(Input data):
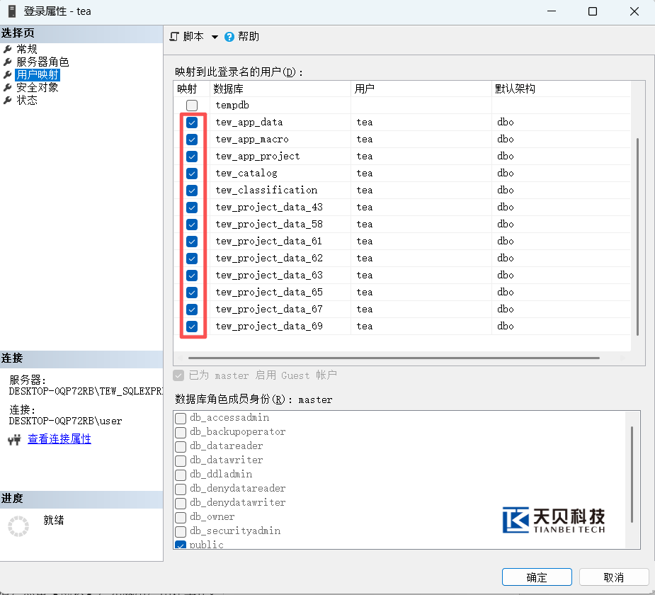 在【用户映射】选项卡中,勾选所有“tew_”开头的数据库
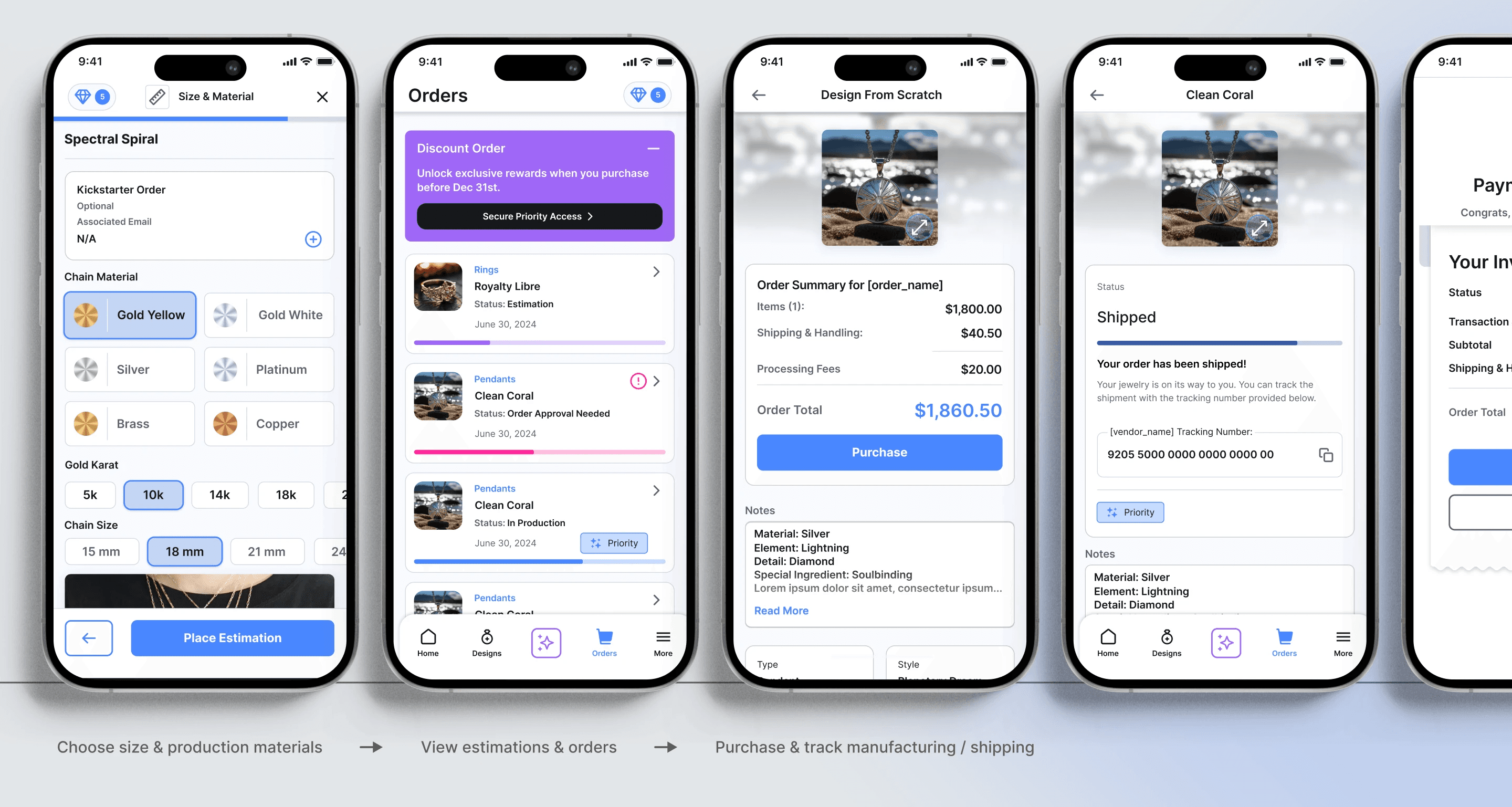 Clear material options, transparent pricing, and a flow that directs simple pieces to instant checkout while routing complex designs to jewelers for quotes. After purchase, users can track manufacturing and shipping.
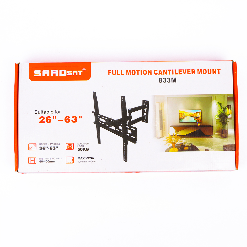 حامل جداري مصنوع من المعدن (عادةً فولاذ SPCC) بتصميم مفصلي مزدوج الذراع يسمح بمد الشاشة، تدويرها، وإمالتها لتناسب زوايا المشاهدة المختلفة.

(Exercise description):
Copy the data verbatim, skipping any image it holds.

(Response area):
 在【用户映射】选项卡中,勾选所有“tew_”开头的数据库
 Clear material options, transparent pricing, and a flow that directs simple pieces to instant checkout while routing complex designs to jewelers for quotes. After purchase, users can track manufacturing and shipping.
 حامل جداري مصنوع من المعدن (عادةً فولاذ SPCC) بتصميم مفصلي مزدوج الذراع يسمح بمد الشاشة، تدويرها، وإمالتها لتناسب زوايا المشاهدة المختلفة.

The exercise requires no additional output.